Information:

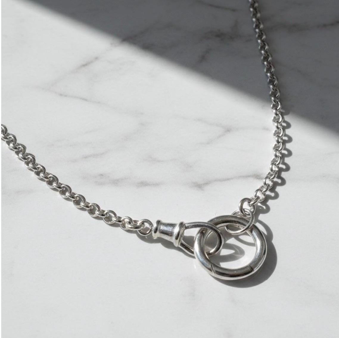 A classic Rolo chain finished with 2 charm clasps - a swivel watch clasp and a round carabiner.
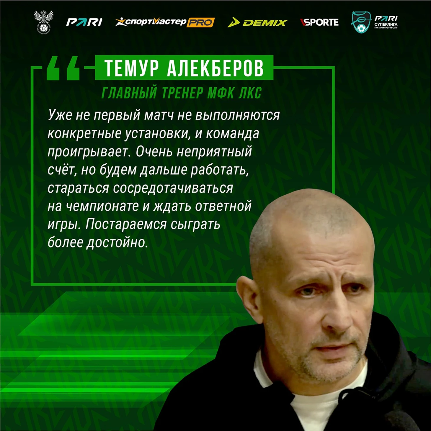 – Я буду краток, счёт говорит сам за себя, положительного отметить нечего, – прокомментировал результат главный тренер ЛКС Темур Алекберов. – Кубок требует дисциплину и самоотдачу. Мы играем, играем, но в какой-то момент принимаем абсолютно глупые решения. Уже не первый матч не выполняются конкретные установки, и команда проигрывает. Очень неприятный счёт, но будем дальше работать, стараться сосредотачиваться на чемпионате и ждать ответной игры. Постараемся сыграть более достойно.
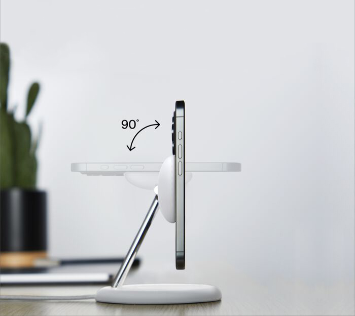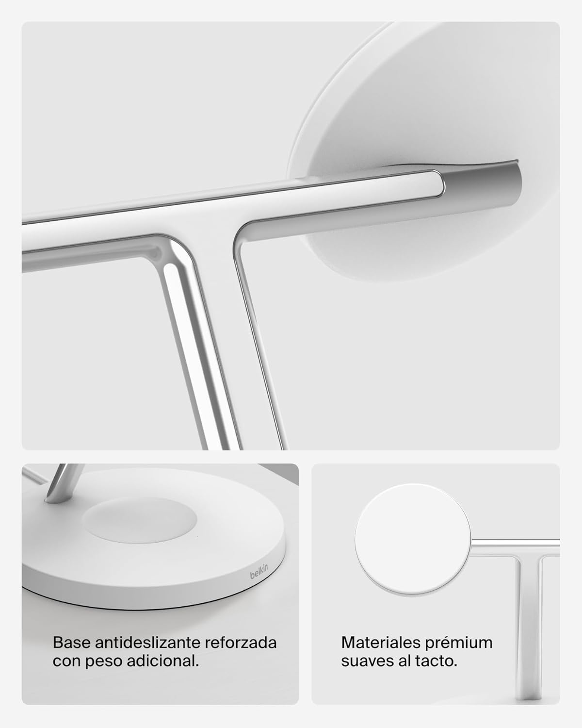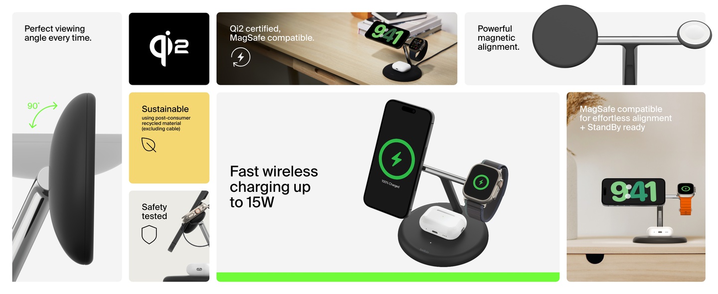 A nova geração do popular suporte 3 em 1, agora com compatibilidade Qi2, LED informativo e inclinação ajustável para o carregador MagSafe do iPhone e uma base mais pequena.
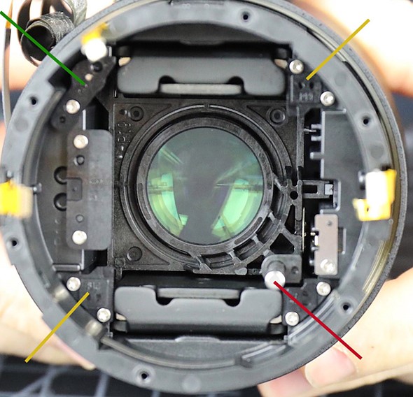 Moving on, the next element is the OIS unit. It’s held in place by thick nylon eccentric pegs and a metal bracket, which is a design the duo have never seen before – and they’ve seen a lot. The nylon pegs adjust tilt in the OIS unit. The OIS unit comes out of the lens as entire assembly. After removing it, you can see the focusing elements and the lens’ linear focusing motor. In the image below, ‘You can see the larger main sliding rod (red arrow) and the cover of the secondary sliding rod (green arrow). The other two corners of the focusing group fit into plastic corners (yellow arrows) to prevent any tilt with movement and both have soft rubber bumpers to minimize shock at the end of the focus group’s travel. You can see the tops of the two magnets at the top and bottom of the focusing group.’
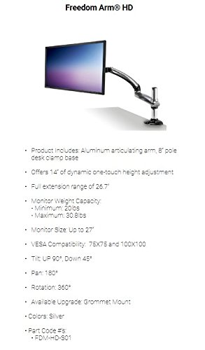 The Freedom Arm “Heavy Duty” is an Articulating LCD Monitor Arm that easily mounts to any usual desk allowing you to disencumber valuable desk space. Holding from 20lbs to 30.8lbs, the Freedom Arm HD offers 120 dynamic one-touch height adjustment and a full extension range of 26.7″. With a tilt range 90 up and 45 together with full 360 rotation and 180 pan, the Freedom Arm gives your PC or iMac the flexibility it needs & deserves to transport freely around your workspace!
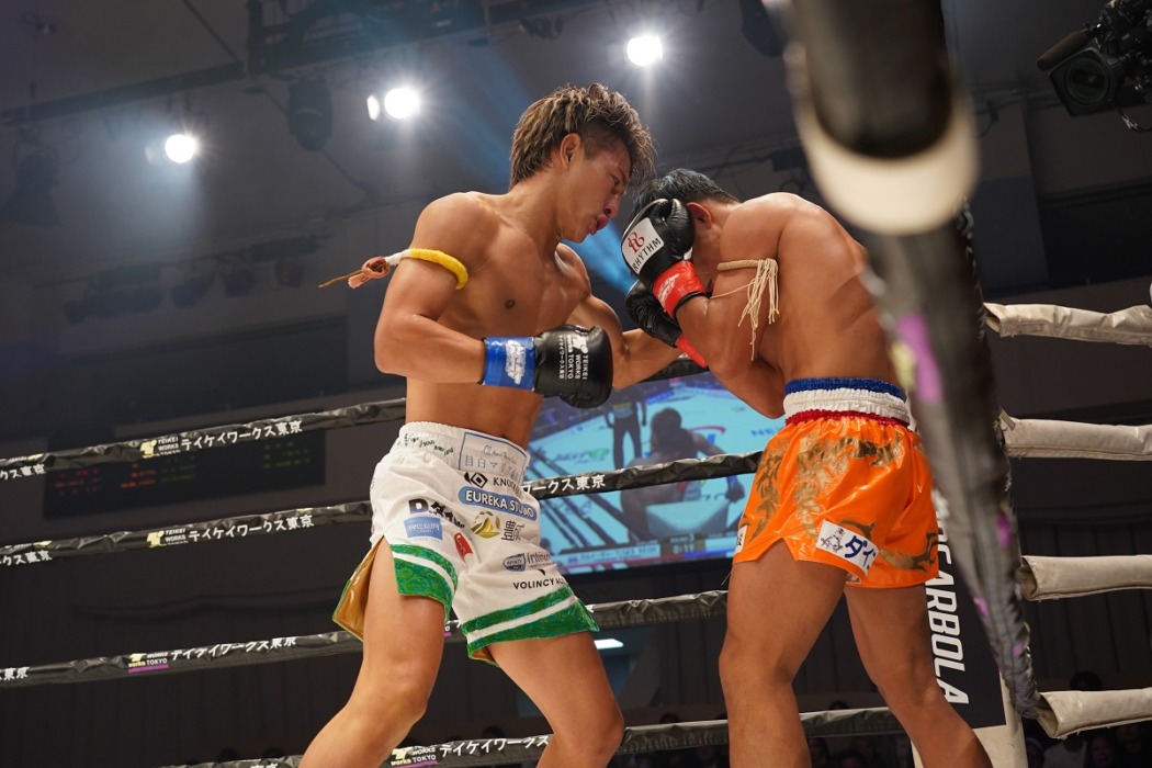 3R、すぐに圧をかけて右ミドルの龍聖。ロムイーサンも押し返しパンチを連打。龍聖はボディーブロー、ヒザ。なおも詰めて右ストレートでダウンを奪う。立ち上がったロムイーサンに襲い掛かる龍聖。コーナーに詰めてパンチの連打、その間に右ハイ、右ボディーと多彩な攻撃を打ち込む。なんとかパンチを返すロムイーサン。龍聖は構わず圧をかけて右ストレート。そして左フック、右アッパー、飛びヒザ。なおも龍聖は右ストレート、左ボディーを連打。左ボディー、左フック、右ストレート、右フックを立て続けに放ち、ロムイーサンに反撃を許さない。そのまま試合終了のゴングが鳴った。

What you should do:
Go through the entries and retype each one exactly, skipping any image.

Result of this exercise:
 A classic Rolo chain finished with 2 charm clasps - a swivel watch clasp and a round carabiner.
 – Я буду краток, счёт говорит сам за себя, положительного отметить нечего, – прокомментировал результат главный тренер ЛКС Темур Алекберов. – Кубок требует дисциплину и самоотдачу. Мы играем, играем, но в какой-то момент принимаем абсолютно глупые решения. Уже не первый матч не выполняются конкретные установки, и команда проигрывает. Очень неприятный счёт, но будем дальше работать, стараться сосредотачиваться на чемпионате и ждать ответной игры. Постараемся сыграть более достойно.
 A nova geração do popular suporte 3 em 1, agora com compatibilidade Qi2, LED informativo e inclinação ajustável para o carregador MagSafe do iPhone e uma base mais pequena.
 Moving on, the next element is the OIS unit. It’s held in place by thick nylon eccentric pegs and a metal bracket, which is a design the duo have never seen before – and they’ve seen a lot. The nylon pegs adjust tilt in the OIS unit. The OIS unit comes out of the lens as entire assembly. After removing it, you can see the focusing elements and the lens’ linear focusing motor. In the image below, ‘You can see the larger main sliding rod (red arrow) and the cover of the secondary sliding rod (green arrow). The other two corners of the focusing group fit into plastic corners (yellow arrows) to prevent any tilt with movement and both have soft rubber bumpers to minimize shock at the end of the focus group’s travel. You can see the tops of the two magnets at the top and bottom of the focusing group.’
 The Freedom Arm “Heavy Duty” is an Articulating LCD Monitor Arm that easily mounts to any usual desk allowing you to disencumber valuable desk space. Holding from 20lbs to 30.8lbs, the Freedom Arm HD offers 120 dynamic one-touch height adjustment and a full extension range of 26.7″. With a tilt range 90 up and 45 together with full 360 rotation and 180 pan, the Freedom Arm gives your PC or iMac the flexibility it needs & deserves to transport freely around your workspace!
 3R、すぐに圧をかけて右ミドルの龍聖。ロムイーサンも押し返しパンチを連打。龍聖はボディーブロー、ヒザ。なおも詰めて右ストレートでダウンを奪う。立ち上がったロムイーサンに襲い掛かる龍聖。コーナーに詰めてパンチの連打、その間に右ハイ、右ボディーと多彩な攻撃を打ち込む。なんとかパンチを返すロムイーサン。龍聖は構わず圧をかけて右ストレート。そして左フック、右アッパー、飛びヒザ。なおも龍聖は右ストレート、左ボディーを連打。左ボディー、左フック、右ストレート、右フックを立て続けに放ち、ロムイーサンに反撃を許さない。そのまま試合終了のゴングが鳴った。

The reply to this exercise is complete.